Everything from the line containing "- 1등(10명): 2,000만원 온누리상품권 (수도권 외 지역 사용분 필수)" through the final line below must be output exactly, both ends included, with nothing else and no pictures.

[Records shown]
>>>>

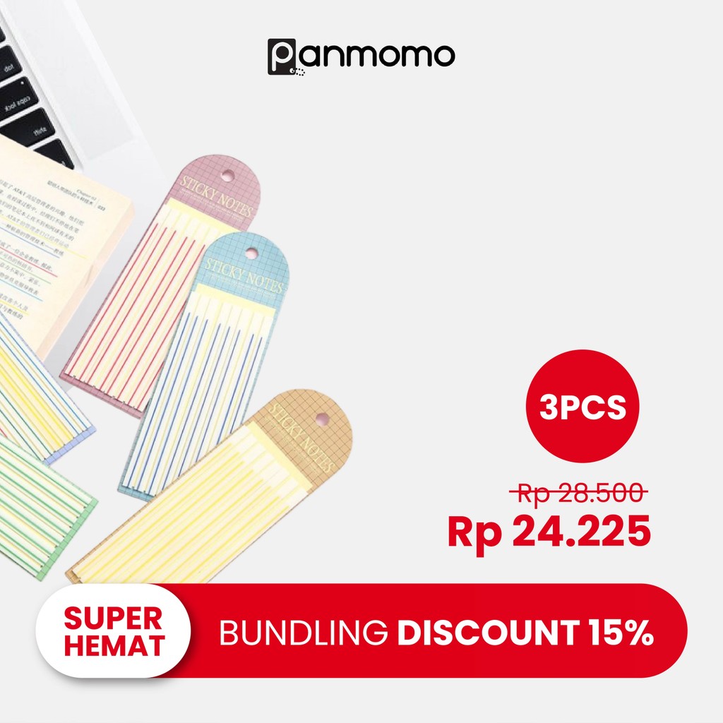 Panmomo Bundle 3 Pcs Sticky Note Garis Bawah Underlining PET
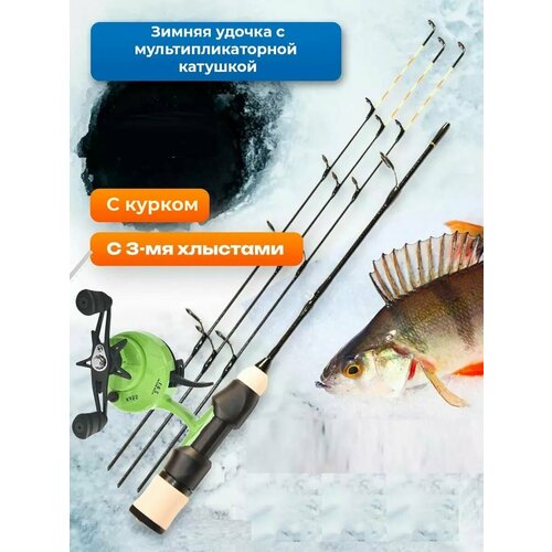 Зимняя удочка с катушкой с 3 сменными хлыстами разной жёсткости и мультипликаторной катушкой Lizard с фрикционом . Длина - 50см. Конструктивно подходит для зимнего блеснения и так же легко оснащается, как зимний фидер. Хорошо показала себя на морозах. Удилище для зимней рыбалки сделано из углекомпозита (карбон с добавками связующих 50*50) . Рукоять сделана из неопрена - это тёплый материал, который устойчив к низким температурам, приятен в руке и не скользит. Катушкодержатель контроктурного типа, на бланке имеется кольцо для зацепа приманки. Кольца крупные, классические со вставками SIC, что позволяет легко удалять намерзание. Спиннинг зимний штекерный имеет надёжное сочленение, комплектуется тремя хлыстами разной жесткости, что позволяет использовать разные весовые группы приманок. Отлично подойдет для ловли хищников, прудовых и карповых рыб, таких как щука, форель, окунь. Особенность блеснилки в том, что она многофункциональна, ее можно использовать и для ловли мирной рыбы. Для этого не нужно менять катушку, лишь подобрать вершинку удилища для условия ловли и поставить оснастку под ловлю мирной рыбы, таких как лещ, плотва, судак и др. С каждым годом всё больше набирает популярность такой вид ловли как «Зимний фидер». Для зимнего фидера выпускаются специальные фидерные кормушки из прозрачного пластика с очень маленьким весом. Эта удочка зимняя полностью отвечает требованиям такого вида ловли, а запас прочности позволяет добыть солидный трофей. С ней легко и просто обращаться, удочка очень лёгкая и не требует особенных навыков. Можно использовать как бортовую удочку. Отличный подарок мужчине, парню, мужу на Новый год, 23 февраля!
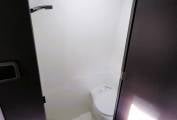 The layout features a large rear fixed bed with storage under and rear garage space, with LED lighting throughout. Home from home comfort with a built in washroom with flushing toilet and overhead shower to provide all you need if off site, as onboard facilities make for a pleasurable camping experience wherever you may pitch up. Cooking facilities are fully catered for with a Thetford 3 burner hob with oven and grill under. A sink with hot and cold running water sits to the side. Opposite the kitchen is a 2 person sofa with removable table for dining, working or playing games and there is a TV/DVD fitted for further entertainment choice.
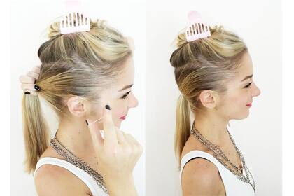 4- Háganse una colita baja con la mitad de pelo de abajo, agarrándola con una gomita de las transparentes. Bien ajustada y pegadita al cuero cabelludo.
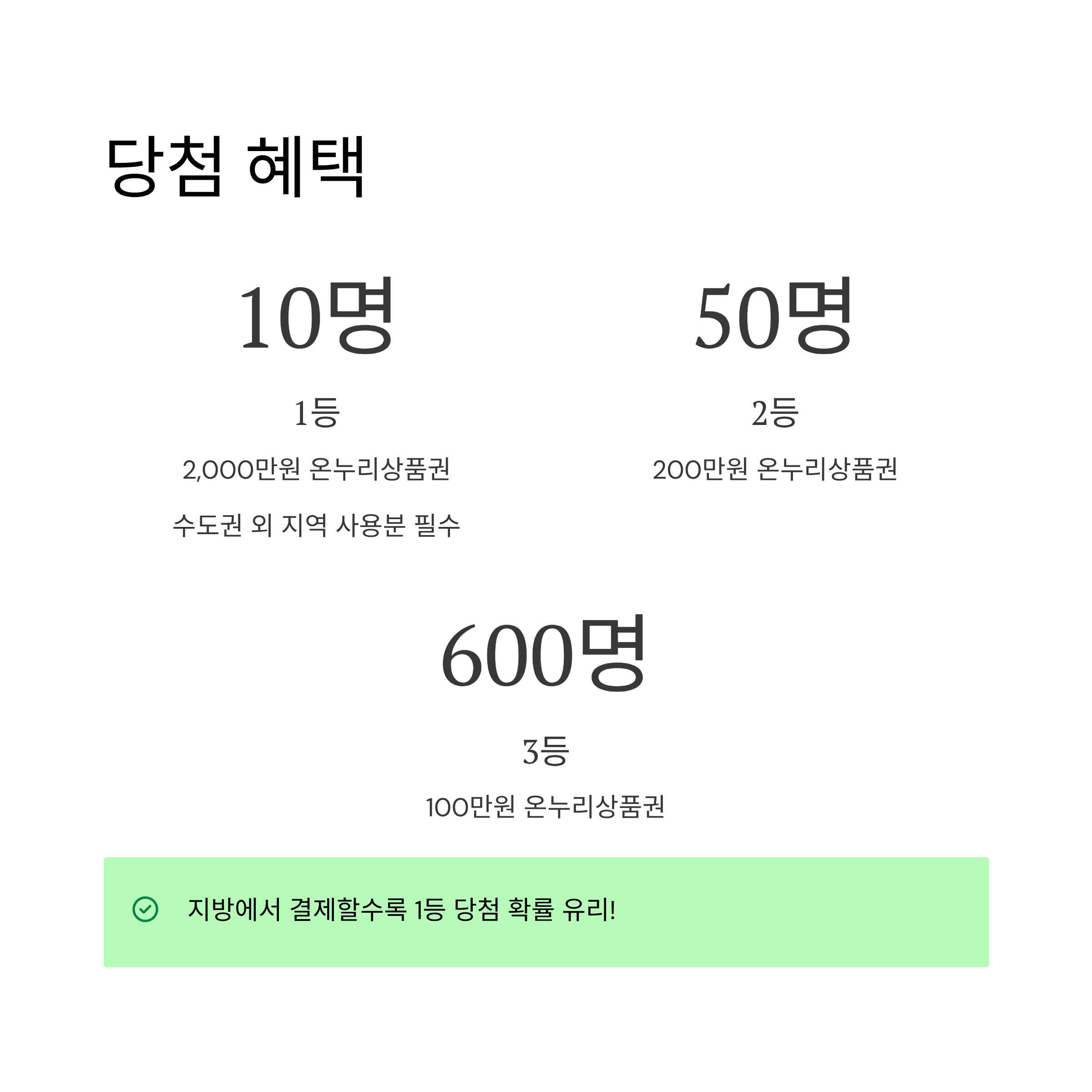 - 1등(10명): 2,000만원 온누리상품권 (수도권 외 지역 사용분 필수)
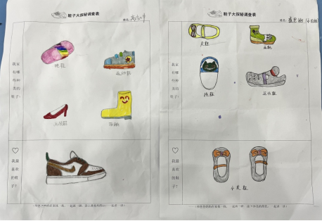 在爸爸妈妈的帮助下,孩子们完成了《鞋子大探秘》的调查问卷。
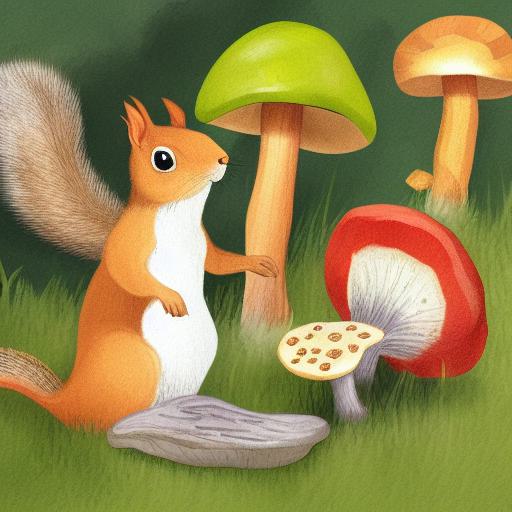 The squirrels and a mushroom
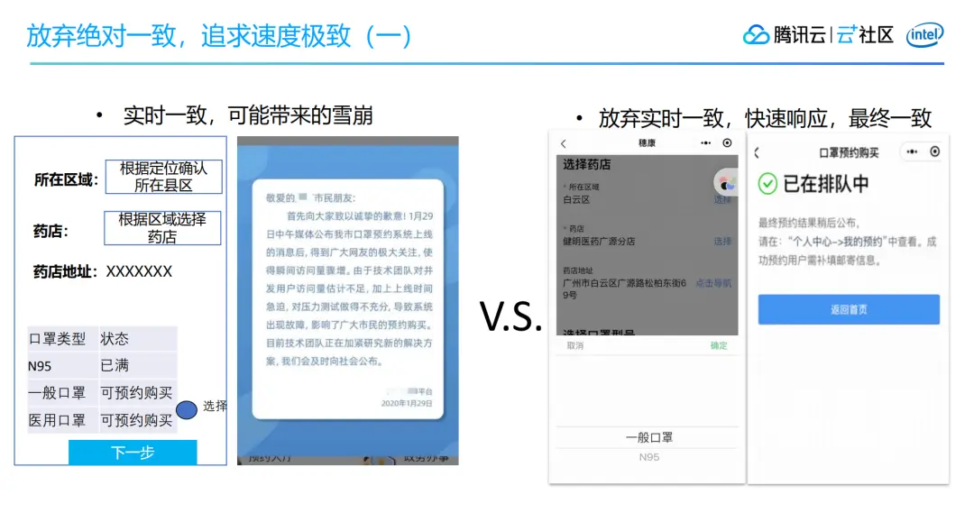 简单来说,我们要在技术、产品上对业务做好这种结构的考虑,细分好业务模块,根据重要性的程度去做划分。回到口罩预约的例子中来,我们其实是放弃了实时一致,做到了快速响应。在他提交以后,告知用户已经在排队,过段时间也能看到结果,最终结果保持一致。如果用户一进来就全部给他们实时的接口,可能一开始就会导致雪崩。

<<<<

[Task output]
 - 1등(10명): 2,000만원 온누리상품권 (수도권 외 지역 사용분 필수)
 在爸爸妈妈的帮助下,孩子们完成了《鞋子大探秘》的调查问卷。
 The squirrels and a mushroom
 简单来说,我们要在技术、产品上对业务做好这种结构的考虑,细分好业务模块,根据重要性的程度去做划分。回到口罩预约的例子中来,我们其实是放弃了实时一致,做到了快速响应。在他提交以后,告知用户已经在排队,过段时间也能看到结果,最终结果保持一致。如果用户一进来就全部给他们实时的接口,可能一开始就会导致雪崩。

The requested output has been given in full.